30 Ağustos 2017 09:30
A
a
Sütiş Eskişehir
24 Ağustos 2017 tarihinde Anadolu Gazetesi ile gazetenin internet sitesinde yayımlanan,“Verilen zam bir okka mürekkep parası değil” başlıklı yazıma Memur-Sen’e bağlı Sağlık-Sen Şube Başkanı Hasan Hüseyin Köksal özeleştiride bulunmuş...
“Toplu sözleşmelerin ana maddesi sadece maaş zamları değildir. Kamu çalışanlarının pek çok sorunu burada gündeme getirilir. Hükümetten maaş zamları ile birlikte sosyal zamlar, sosyal haklarının iyileştirilmesi de talep edilir. Maaş zammı konusunda istenilen olmamış olabilir” diyor…
Sağlık-Sen Başkanı Hasan Hüseyin Köksal’ın özeleştirisini aşağıda okuyacaksınız…
Ama önce gelin yazımı özetleyerek bir hatırlayalım:
“Memur ve memur emeklilerinin 2018 ve 2019 yıllarındaki mali ve sosyal haklarının belirlendiği '4. Dönem Toplu Sözleşme Görüşmeleri' kapsamında hükümetle sendikalar arasında sağlanan uzlaşmaya Memur-Sen’in dışındaki tüm sendikalar ile Memur-Sen’e bağlı sendika üyeleri de büyük tepki gösterdiler…
Tepki göstermekte sonuna kadar haklılar…
Yüzde 0,5 puanlık artışa razı olanlar ne kadar kamu çalışanlarının hakkını savunduklarını ispatlamışlardır(!)
Hükümetin %3,5+3,5’luk teklifine, “Bu teklif elimize kalemi vermektedir ama içine mürekkebi koymamıştır” diyerek tepki gösterdiklerinde, bu duruşları kamu çalışanlarını umutlandırmıştı…
Hükümetin gündüz yaptığı bu teklife önce “tepki göstermiş” gibi yapanlar, herhalde gece yarısına kadar düşünüp taşınıp, ”kabul etmezsek birilerini küstürebiliriz. Kabul edersek kaleme mürekkebi biz koymuş olacağız. O zaman 0,5 puan artış talep edelim. Bu artış hükümeti zora sokmaz. Bizde kaleme mürekkebi koymamış oluruz!” diyerek yüzde 3,5+3,5’a razı olmayıp, yüzde 4+3,5’a “Evet” dediler…

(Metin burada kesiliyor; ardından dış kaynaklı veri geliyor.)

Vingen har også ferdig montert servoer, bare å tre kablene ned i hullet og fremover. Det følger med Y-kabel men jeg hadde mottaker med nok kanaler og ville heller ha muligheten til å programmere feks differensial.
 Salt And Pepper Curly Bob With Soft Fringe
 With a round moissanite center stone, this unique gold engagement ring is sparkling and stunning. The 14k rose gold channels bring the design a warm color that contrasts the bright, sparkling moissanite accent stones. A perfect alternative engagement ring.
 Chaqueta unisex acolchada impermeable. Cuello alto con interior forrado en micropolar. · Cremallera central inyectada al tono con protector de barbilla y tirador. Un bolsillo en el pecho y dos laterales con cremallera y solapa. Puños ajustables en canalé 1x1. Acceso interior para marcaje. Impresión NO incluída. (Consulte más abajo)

Yani kalemin mürekkebinin 0,5 puanlık artışla dolmayacağını bilmelerine rağmen yarım puanlık artışa razı oldular!
Razı oldular derken bir tespitimi de yazmadan geçemeyeceğim…

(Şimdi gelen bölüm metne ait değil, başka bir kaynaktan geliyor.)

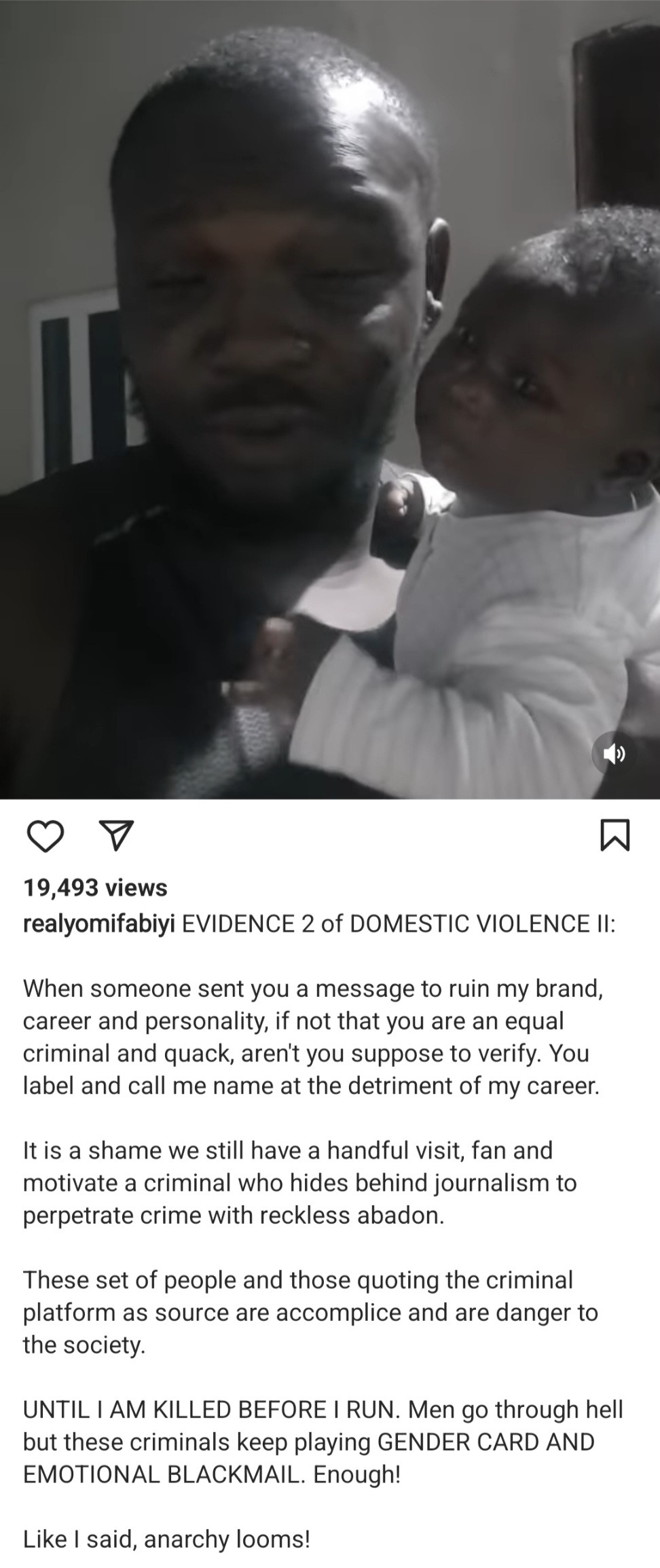 Popular Yoruba actor, Yomi Fabiyi has cried out on Instagram accusing his child’s mother, Amarachi Grace Oreofe of threatening his life.

Televizyonları izleyenlerin de mutlaka dikkatini çekmiştir…
Memur-Sen Genel Başkanı, Çalışma ve Sosyal Güvenlik Bakanı Jülide Sarıeroğlu ile toplu sözleşmeyi imzalayıp el sıkışırken yüzü gülmüyordu…

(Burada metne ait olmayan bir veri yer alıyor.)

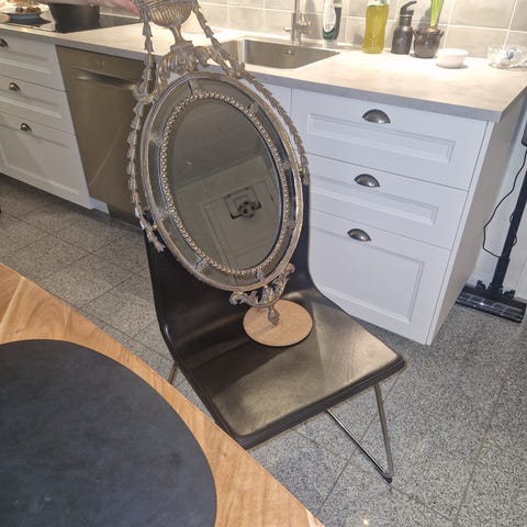 Spegel, gustaviansk stil, oval, bronserad.
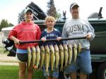 Today I had the opportunity to fish with part of a great family from the Orion area of lower Michigan. Only three of the five family members went fishing. Bridgette, Kathleen and their dad Mike came aboard for a five hour trip on the bay. We left the resort shortly after 6 a.m., and when we got to the Gladstone Yacht Harbor and I saw the flags already blowing...I knew it was going to get windy! As most of you know, I am not fond of a west wind, mostly because it makes boat control very difficult when all of the structure in the bay goes north and south. We put out two small drift socks to stabilize the boat and slow us down some, and by using the auto pilot we were able to keep a pretty steady speed of .9 to 1.0 mph. I was quite surprised at how many boats were out there this morning, especially for how windy it was. As for the fishing...it was actually pretty good, especially the average size of the fish. We didn't catch nearly as many small fish as we've been getting lately, and we had several nice fish over 20 inches today. Most were 16 to 19 inchers though. Walleyes Choice (http://www.walleyeschoice.com) harnesses and bottom bouncers caught all the fish, with I-76, I-62, and I-51 accounting for the majority of them. We quit shortly after 11 a.m. when the wind really started cranking, but we ended up with 11 really nice walleyes for them to take home and enjoy. I really enjoyed today, it's always nice to get families that enjoy spending time together in the outdoors. Here's a couple pictures of today's trip, good luck from all of us in the Bays de Noc area.
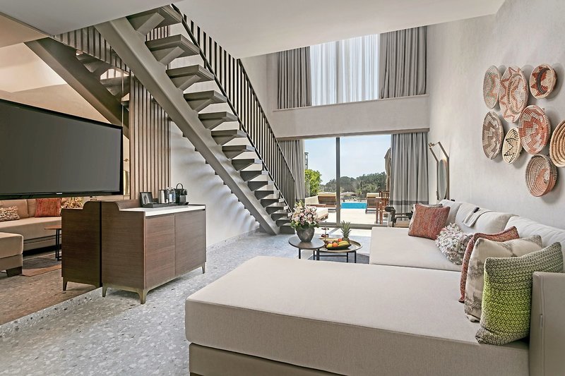 - 91-100 qm, Familien, mit Verbindungstür, Golfplatzblick, Poolblick, 2 separate Schlafzimmer, 2 Einzelbetten, Doppelbett, Sofabett, 2 Bäder, Dusche, WC, Bademantel, Badeslipper, Haartrockner, Kosmetikspiegel, Fliesen, Klimaanlage, zentral gesteuert, Minibar, Auffüllung täglich, Softdrinks, Mineralwasser, Bier, Säfte, Hauswein, Wasser, Snacks, Safe, Bügelbrett, Bügeleisen, TV (Sat-TV, Flachbildschirm), Wasserkocher, Espressomaschine, Kaffee/Tee, Terrasse (möbliert), direkter Poolzugang, Gemeinschaftspool, hochwertige Badartikel, Frühstück, bei Ankunft im Zimmer Obstkorb, Snacks
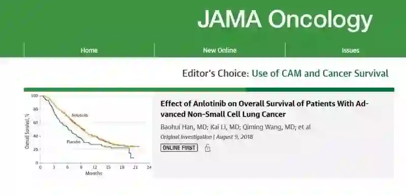 安罗替尼(AL3818)是一种口服的新型小分子多靶点TKI,可强效抑制VEGFR、PDGFR、FGFR和c-Kit等多个靶点,具有抗肿瘤血管生成和抑制肿瘤生长的双重作用。安罗替尼对比安慰剂单药用于晚期NSCLC的三线及三线以上治疗的随机、双盲、多中心的III期临床研究ALTER0303研究结果,今天在《JAMA ONCOLOGY》杂志上正式发表,该研究旨在评估安罗替尼单药用于晚期NSCLC三线及三线以上治疗的疗效和安全性。
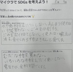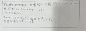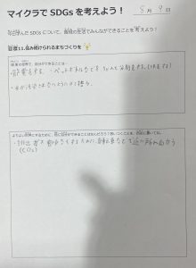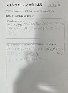 また、できることを複数書いてくれる子が多く、より良い世界にするためにできることを一生懸命考えてくれました。
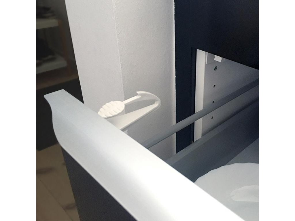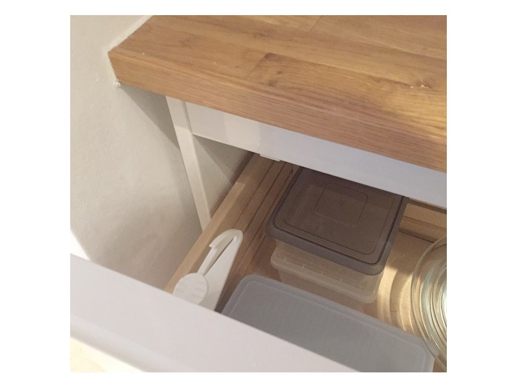 Protejează împotriva deschiderii sertarelor și ușilor dulapurilor. Împiedică ușile sau sertarele să se deschidă complet. Se deschide, deschizînd parțial ușa sau sertarul și apasați încuietoarea, apoi sertarul/ușa se poate deschide complet. Se fixeaza prin lipire. În cazul suprafetelor problematice se înșurubează din interior.

Belli ki anlaşmayı içine sindirememiş…
İkincisi bakan ile genel başkan ayakta el sıkışırlarken, Memur-Sen’e bağlı iki sendika başkanın dışında diğerleri oturuyorlardı…
Herhalde onlarda memnuniyetsizliklerini bu şekilde ifade etmeye çalıştılar…
Hükümetin yüzde 3,5’luk teklifine razı olmayan, gece yarısı 0,5 puanlık artış daha vererek yüzde 4’ü kabul eden Memur-Sen, en düşük dereceli memur maaşına aylık 11,58 TL, ortalama memur maaşına ise 15,40 TL ilave artış getirmiş oldu…
Bu çok ciddi artışı (!) sağlayan Memur-Sen Genel Başkanını tüm kamu çalışanları adına ayakta alkışlıyor, hatta alnından öpüyorum!”

**-***

Gelelim Sağlık-Sen Şube Başkanı Hasan Hüseyin Köksal’ın özeleştirisine…
“Daha önce sosyal medya hesabından hükümet ile yapılan toplu sözleşme görüşmelerinde kamu çalışanlara verilen zamma özeleştiri yapmıştı…
Ben ilk kez Memur-Sen’e bağlı sendika başkanının özeleştiri yaptığını görünce şaşırmıştım…
Kendisine telefon ederek, bu şaşkınlığımı yüzüne karşı da söyledim…
“Abi bu ilk eleştirimiz değil. Bundan önce de farklı konularda da özeleştiri yaptık. Bizim demokratik hakkımız. Konfederasyon Genel Başkanımız da bu öz eleştirilere açık bir insan. Olumlu buluyorlar” diyor…
“Maaş zammı konusunda eleştirdik ama sosyal zamlar konusunda da teşekkür ettik. Toplu sözleşme demek sadece maaş zammı değildir. Maddelerden birisi de maaş zammı. İşte kazanımlarımız” demiş…
Biraz uzun özetleyerek köşeme almak zorunda kaldım.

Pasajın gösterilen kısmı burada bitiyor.